6.824 2001 Lecture 22: View Changes

In a primary-backup voting system,
  It's not enough for each operation to be sent to any majority of nodes.
    Because then different nodes see different operation sequences.
    So the replicas will diverge.
    [Though note Gifford's voting system works like this.]
  Must be a coherent notion of the current majority.
  Changes to that majority must be controlled:
    New majority must have same starting state left by previous majority.
    So you have to know what the previous majority was.
    So the old majority must be preserved in new majority.
    E.g. if you have just 2 of 5, perhaps they were in the minority,
      and missed some operations.

Let's call an operating majority of nodes a "view".
  What can go wrong with transitions between views?
  Assume 5-node system.
  1. Operate with V1 = A, B, C, D, E.
  2. D and E crash, so now V2 = A, B, C.
  3. A and B are partitioned, D revives, V3 = A, B, D.
  4. D crashes, E revives, D revives w/o state,
     C, D, and E in same net partition, so V3 = C, D, E.
  But now we've lost our total order of views and hence operations.
  From client's point of view, system claims to work, but has
    lost committed operations (in first V3).
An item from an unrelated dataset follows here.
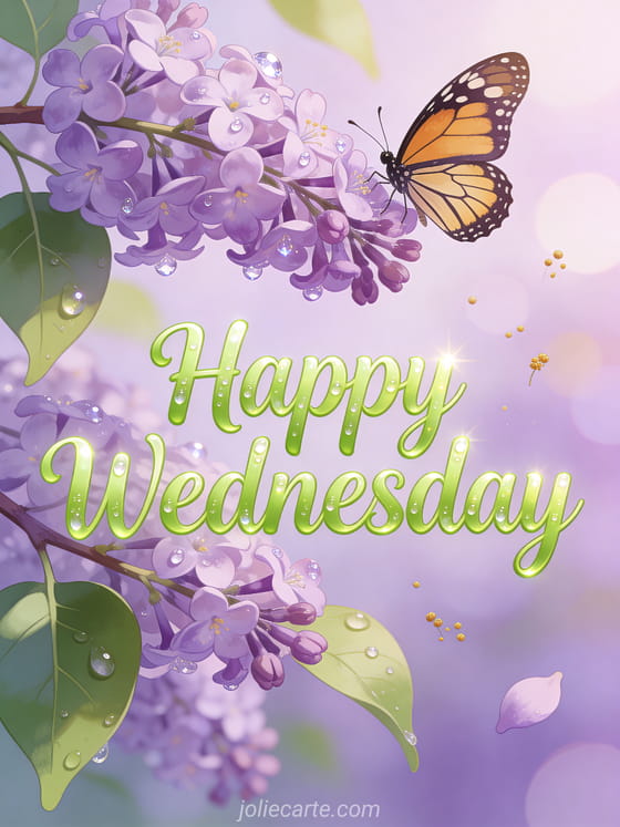 Welcome spring on this Wednesday with this beautiful card of a monarch butterfly resting on blooming lilac with dewy morning sparkle. Discover also a happy wednesday everyone or a happy wednesday kiss card.

View change occurs when set of live nodes seems to have changed.
  Finds a majority for the new view.
  Must include a majority from previous view.
  Uses that to decide which operations from previous view committed.
  Makes sure new view has identical set of operations.
  Chooses a new primary, perhaps node w/ highest node ID.

Big picture:
  Sequence of views, totally ordered.
  Always a "next" and "previous" view.
  Operations totally ordered within each view.
    Agreement on which committed at end of view.
  Unique new view picks up old view's final state.
  So we have a definition of the total order of operations.
    Even though we have a changing set of nodes.
  And thus we have a well defined current state.

Interesting cases:
  Primary fails.
  Operation interrupted by a view change.
  Node fails or recovers during view change.
    I.e. multiple view changes started at the same time.
  What happens in minority partition:
    View change must fail in that case!

Every server has a current view_number in stable storage.
  view_number = < sequence_number, initiating_server_id >
  The second part helps break ties.

First, initiating server chooses a new view number.
  new view_number = < old_sequence_number + 1, initiating_server_id >
  (Using its own server ID).

Initiating node broadcasts a prepare view change message.
  Contains new view_number.
  Recipients stop processing operations.
  Recipients send log tail to initiator.
  Initiator waits for majority of replies.
    Maybe a little longer, so that view includes all live nodes.
  Initiator decides which operations are before/after view change.
    I.e. which have committed and must be preserved.
    Others are aborted, must be re-started by client.
  Initiator sends phase 2 message to each replica:
    List of nodes (including who is primary).
    List of committed recent operations.
  Now replicas can continue.

What if two concurrent view changes?
  Must retain a notion of views occuring in a particular order!
    Otherwise cannot show continuity of majority.
  I.e. failure/recovery during view change.
  initiating_server_id breaks tie, so we know which is first/second.
  If first got a majority, second did not.
    So complete the first view change, abort and maybe re-do second one.
  If second got a majority, first aborts.
  But perhaps neither got a majority.
    They must both abort, random delay???, and try again.
    Maybe delays proportional to node ID, so deterministic winner of retry.
  Big point:
    Always at most one functioning view -- thus at most one primary.
    Operations totally ordered within each view.
    No operation spans a view.
    Views are also totally ordered.
    Majority from each view to the next, carries with it knowledge
      of order of committed operations.

What if initiator fails during view change?
  We either do or don't have evidence that he completed view change.
  If he committed operations, it's a real view, must preserve it.
    He must have had a majority.
    Make sure we get a majority of nodes from it.
  If he committed no operations, doesn't matter.

What if view change in minority partition?
  Initiator unable to acquire a majority of ACKs.

Data recovery procedure:
  [same as in lecture 21]
  I.e. how to deal with operations interrupted by view change.
  Need to decide which operations to carry over from old view.
  Must commit any operation old primary might have responded to.
  Can abort any operation old primary couldn't have responded to.
    Client will re-try in new view.
  Old primary only committed if it got ACKs from n+1 clients.
    If primary fails, and we expect to continue, majority must survive.
    So old view had *more* than a majority.
    Thus if the primary committed an operation,
      a majority must know about it after the view change.
    So that's the criterion for accepting updates into the new view.

Does this preserve ordering of committed operations?
  Suppose OP1 and OP2 are concurrent, but in that order.
  Remember, assigned sequence numbers when submitted to primary.
  Maybe prepare messages for OP1 were lost.
  So primary gets n+1 ACKs for OP2 first.
  Then primary crashes.
  Consequences:
    Primary cannot reply to client until all previous operations commit.
    New primary cannot commit unless all previous ops can be
      shown to have (possibly) committed.